When are thresholds used on SCORE options?
For SCORE_MULTIPLE_CHOICE and SCORE_CHECKBOX controls, the platform uses the value field for compliance scoring, but also uses thresholds/riskScore/alignmentScore to compute risk and alignment statuses. This is why the ABC example includes threshold arrays on every scored answer option.
When is only thresholds used (no value)?
For TEST_SCORE controls with SCORE_THRESHOLD options, only the threshold arrays matter. The user enters a raw numeric value, and the platform looks up which bucket it falls into to determine the risk and alignment scores.
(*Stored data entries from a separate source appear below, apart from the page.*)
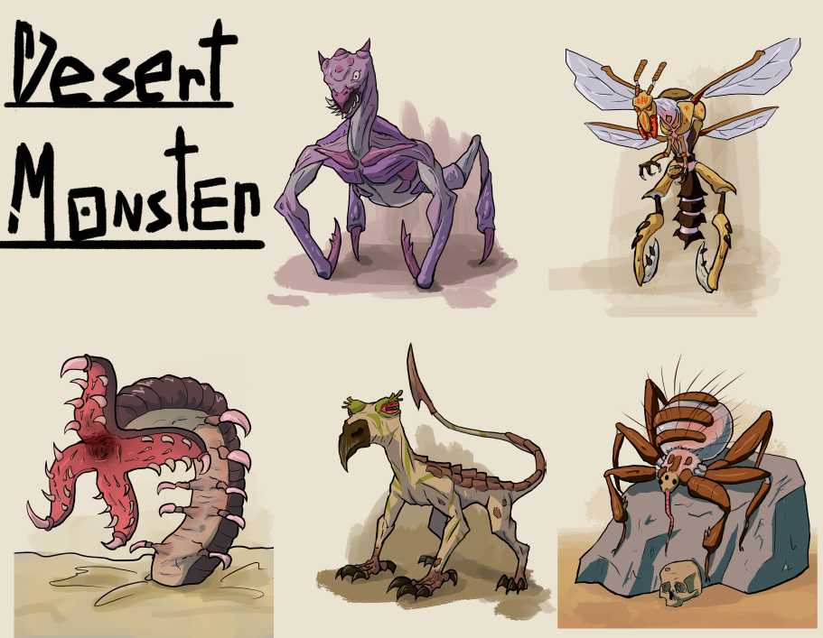 This is a collection of 5 2d monster illustrations in a desert setting. This will be a interesting start or add on for a fantasy game. Let your hero face the foes!
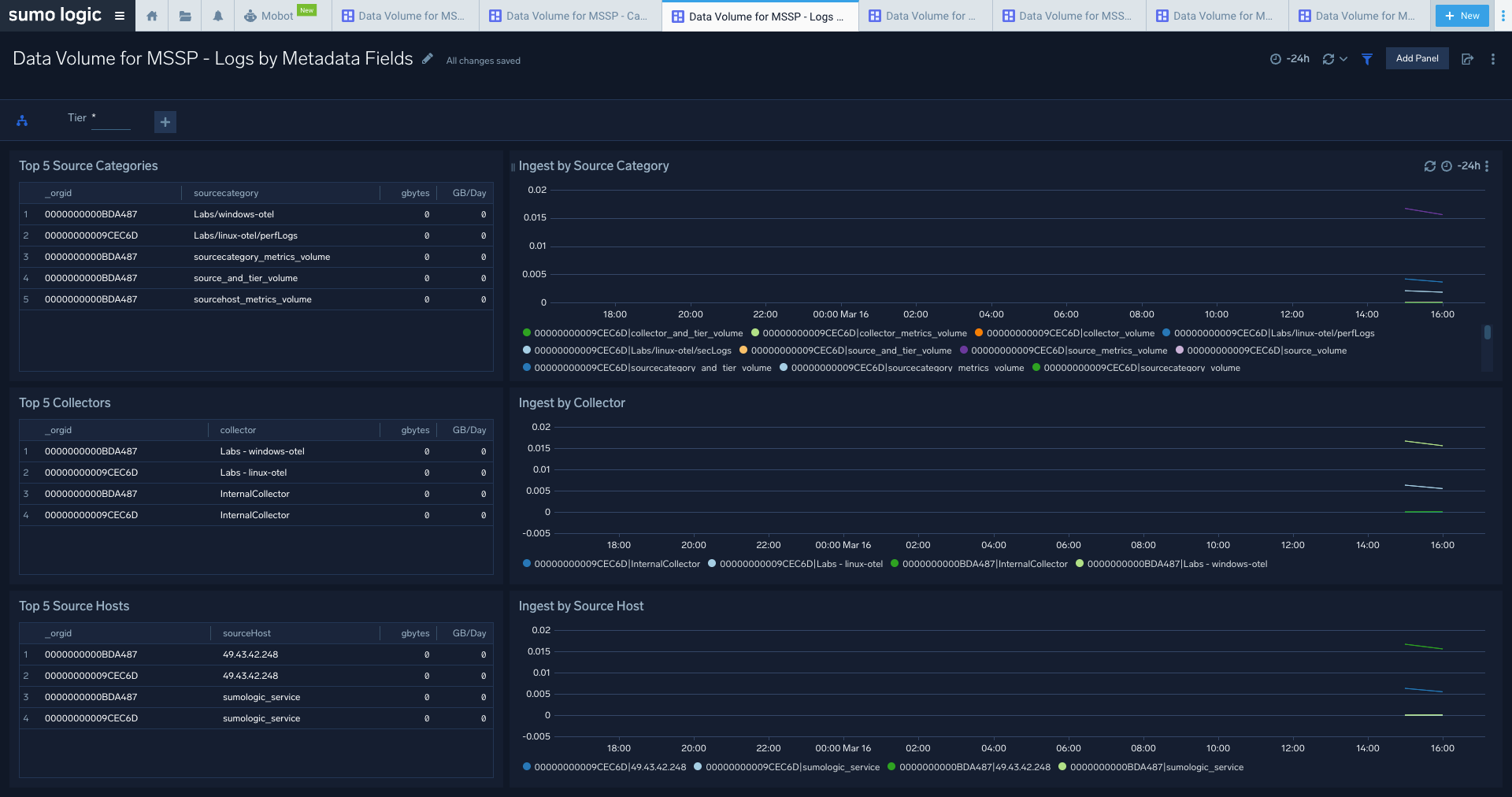 The Data Volume for MSSP - Logs by Metadata Fields dashboard allows you to view log ingest volume by tier, source categories, collectors, and hosts for child orgs
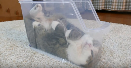 他放一個塑膠容器在地上看看自虐的貓咪會不會塞進去,最後近看他臉部表情時真的讓人笑噴了!
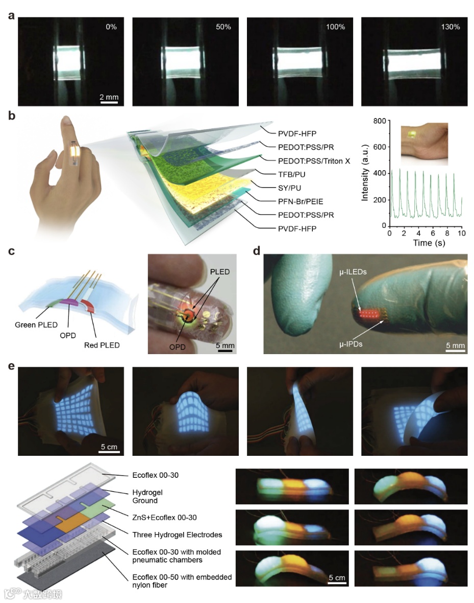电子器件已从刚性发展到柔性。在过去十年中,柔性电子器件已在能量收集和存储、健康传感、疾病监测和治疗,以及最新的智能辅助控制系统等众多领域中得到广泛应用。与人体贴合的发光器件将成为下一代柔性电子器件中重要的人机交互界面。由于生物系统是柔软、复杂和动态的,因此这些发光器件的机械性能必须与人体相匹配,为满足这一要求,需要对发光器件的结构和材料进行精心设计。

See Threshold-Based Scoring.
Threshold-Based Scoring
The thresholds, alignmentScore, and riskScore arrays work together to create a bucket-based scoring system. This mechanism is used in two contexts:
TEST_SCOREcontrols — the user enters a raw number, which is placed into a threshold bucket.SCORE_MULTIPLE_CHOICE/SCORE_CHECKBOXcontrols — each answer option’svalueis placed into the threshold bucket to derive risk and alignment scores.
How It Works
The thresholds array defines bucket boundaries. For n thresholds, there are n - 1 buckets. The alignmentScore and riskScore arrays each have n - 1 values, one per bucket.
thresholds: [0, 0.5, 0.8, 1.0]
|------|------|------|
bucket0 bucket1 bucket2
alignmentScore: [0, 0.5, 1.0]
riskScore: [1.0, 0.5, 0]
Scoring example:
| Input Value | Bucket | Alignment Score | Risk Score |
|---|---|---|---|
0.3 | [0, 0.5) — bucket 0 | 0 | 1.0 |
0.6 | [0.5, 0.8) — bucket 1 | 0.5 | 0.5 |
0.9 | [0.8, 1.0] — bucket 2 | 1.0 | 0 |
Card Types
Card types define structured, repeatable data entry templates. They are used when a control has answerType: "CARD".
Card Type Object
| Property | Type | Required | Description |
|---|---|---|---|
cardTitle | string | Yes | Title of the card template |
cardDescription | string | No | Description of the card purpose |
cardFields | CardField[] | Yes | Array of field definitions within the card |
Card Field
| Property | Type | Required | Description |
|---|---|---|---|
type | AnswerType | Yes | Input type for this field (uses the same AnswerType enum) |
label | string | Yes | Display label for the field |
required | boolean | No | Whether the field is required |
defaultValue | string | No | Default value |
answerOptions | AnswerOption[] | No | Answer options (if the field is a selection type) |
Control Visibility
Controls can be conditionally shown or hidden based on policy rules.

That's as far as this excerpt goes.